Examples of Plugins I often use are DOMPdf and HTMLPurifier. I place the nested project folder in the system-level Plugins and, that's right, plug a massive project into CI to extend it with a functionality akin to that offered by core CI classes.

2. Helpers

I use helpers just like CI intended. Typically just a few functions in a single file. Typically used for custom formatting in and across views. A recent example would be a forum_helper with time returned in plain language and search words highlighted, both helpful formatting functions repeated in views.

Now, these are two entirely different things in my mind. Even if a call to htmlpurify() may be construed as a one-trick pony, and thus no more or less than a helper, it comes with enough amazing and speedy baggage to make that pony employee of the month at the Pony Express.

Remember, also, that Plugins like HTMLPurifier even have their own internal cache (optional, ok, but a def. pluss). While it does not really matter what we call things and where we place them, as long as we can make them work, there is a logic and usefulness to working with meaningful structures - exemplified by familiar things like MVC.

Plugins made some sense. Now that sense is lost in the increased clutter of Helpers.

I am not offering my 2 cents for their return here.
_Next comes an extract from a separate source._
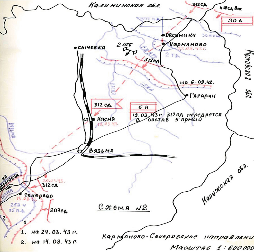 Из «Истории боевого пути 312-й Смоленской, Краснознаменной, орденов Суворова и Кутузова стрелковой дивизии». По схеме видно, что дивизия освобождала родину Ю. А. Гагарина. А до переформирования, в 1941, дивизия стояла насмерть на подступах к Москве, рядом с Подольскими курсантами

But I feel that the differences are worth thinking about.
#2

[eluser]Phil Sturgeon[/eluser]
I am glad to see the back of plugins as they were not all that different from helpers and just confused new users. With the word plugin being used so often to mean something like "widgets" or "template parser blocks" this was getting even more confusing when trying to make any sort of open-source project.

Is there a problem with just putting them in a helper file? Now a helper can be a list of functions or a function with a class. No reason to distinguish between the two really.

Wrap with function_exists() or class_exists() and you can even override helper classes.
#3

[eluser]Crimp[/eluser]
My point, and the difference, relates primarily to the "weight" of dependencies and thus meaningful organization of CI. I know how to make it work either way. That's not the issue.

A Helper with an internal cache at the same order as get_clickable_smileys()? Your eyebrow is not raised, a little?
#4

[eluser]Phil Sturgeon[/eluser]
That would raise my eyebrow whether it was a helper or a plugin. That to me may well be better off as a Smiley library. Or a helper function that calls a Cache library.
#5

[eluser]Crimp[/eluser]
I'll clarify:

When I refer to an internal cache, I talk specifically about HTMLPurifier to exemplify that some of today's plugins are far removed from the helpers. It is obviously not practical, and utterly pointless, to start caching its deifnitions elsewhere because with such a plugin you, well, plug and play. Those are the key words.

This organizational aspect of development with CI seems to have been forgotten in the process of cleaning up the folder hierarchy.